Xml
The Xml source will load and save data to local Xml files. Under the hood it uses the etree module to do the parsing.
- Type identifier:
Xml
Source Configuration
Declare the path to your xml file.
sources:
- name: src
type: Xml
connection:
settings:
# path: <string>, (mandatory)
# The filepath of your xml file.
path: "my-file.xml"
# encoding: <string>, (optional, default="utf-8")
# The encoding of your xml file.
encoding: "utf-8"
Sync Settings
Declare how your file should be read, and if used as destination how the file should be written.
sync:
- source: src
sourceConfig:
# xpath: <string>, (optional, default="./*", only used when configured as source)
# Querystring defining how the xml file should be read, see the link below.
# Etree supported xpath syntax https://docs.python.org/3/library/xml.etree.elementtree.html#supported-xpath-syntax
# E.g: ".//People" will select all all People objects on all levels.
xpath: ".//People"
# type: <Dict[str, str]>, (optional, only used when configured as source)
# Declares what types the properties will be parsed as.
# The types supported are string representations of the polars datatypes, same as used in the rest of the project.
# E.g: {"Name": "Utf-8", "Age": "Int32"}
types:
Name: Utf-8
Age: Int32
# xsl: <string>, (optional, default=None)
# Can be used to perform transformations on the xml before parsing it.
# Recommended to use if you need to change the structure of your data.
# Requires lxml to be installed, see examples below.
xsl: null
destination: dst
destinationConfig:
# unique_columns: <set[string]>, (mandatory, only used when configured as destination)
# Used when performing mutations to identify unique rows.
unique_columns:
- Name
# root_name: <string>, (optional, default="root", only used when configured as destination)
# Name of the root element in the resulting xml.
root_name: root
# row_name: <string>, (optional, default="row", only used when configured as destination)
# Name of the row elemets in the resulting xml.
row_name: row
Good to know's
Since the datasource for this source is a plain file beetl will hold all the changes in memory until all the mutations have been done to an in memory dataframe behind the scenes.
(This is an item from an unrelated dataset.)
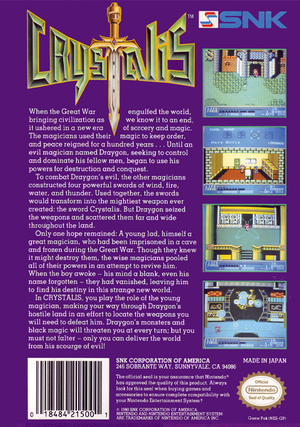 Crystalis, originally released in Japan as God Slayer: Haruka Tenkū no Sonata, is a 1990 action RPG/action-adventure video game produced by SNK for the Nintendo Entertainment System.
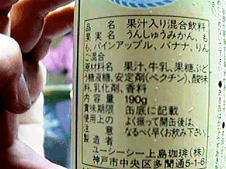みかん(しかも,うんしゅうみかん)とピーチというなんか分離しそうなカップリングに,”すりおろした”リンゴがミックス。どろりとバナナが入って,とどめはパインアップルだだだ。なんでも混ぜればいいってもんじゃ,ないと思いますが(しかも乳飲料)。

It will then flush whole dataframe to file.
This means that when you're working with the xml source as a destination you will keep an extra copy of all the data in memory.
On the upside this is probably more speed efficient than constantly querying and updating portions of the xml file on disk.
Example
From Xml to Xml
This example syncs three people from one xml file into another.
What will happen?
People of xml source
<PersonResponse>
<Body>
<PBSExportResponse>
<PBSExportResult>
<NewDataSet>
<PERSON>
<Id>1</Id>
<Name>John Doe</Name>
<Age>25</Age>
</PERSON>
<PERSON>
<Id>10</Id>
<Name>Jimmy Doe</Name>
<Age>25</Age>
</PERSON>
<PERSON>
<Id>11</Id>
<Name>Jane Doe</Name>
<Age>25</Age>
</PERSON>
</NewDataSet>
</PBSExportResult>
</PBSExportResponse>
</Body>
</PersonResponse>
Destination file is empty or does not exist.
Result
- All persons will be synced to the destination xml as rows on a root element.
- Id has been removed
People of database 2 after sync
<PersonExport>
<Person>
<Name>John Doe</Name>
<Age>25</Age>
</Person>
<Person>
<Name>Jimmy Doe</Name>
<Age>25</Age>
</Person>
<Person>
<Name>Jane Doe</Name>
<Age>25</Age>
</Person>
</PersonExport>
Configuration
sources:
- name: src
type: Xml
connection:
settings:
path: source.xml
- name: dst
type: Xml
connection:
settings:
path: destination.xml
sync:
- name: Syncing persons
source: src
sourceConfig:
xpath: .//PERSON
types:
Name: Utf-8
Age: Int32
destination: dst
destinationConfig:
unique_columns:
- Name
root_name: PersonExport
row_name: Person
comparisonColumns:
- Name: Utf-8
- Age: Int32
# Only keep the columns we want
sourceTransformers:
- transformer: frames.project_columns
config:
columns:
- Name
- Age
Using XSL to transform the data
This is a short example showcasing how the xsl property can be used. This is not in any way, shape or form a guide to xsl's themselves.
INFO
To enable XSL you need to install the lxml parser. It can be done either by installing beetl using the xsl tag pip install beetl[xsl]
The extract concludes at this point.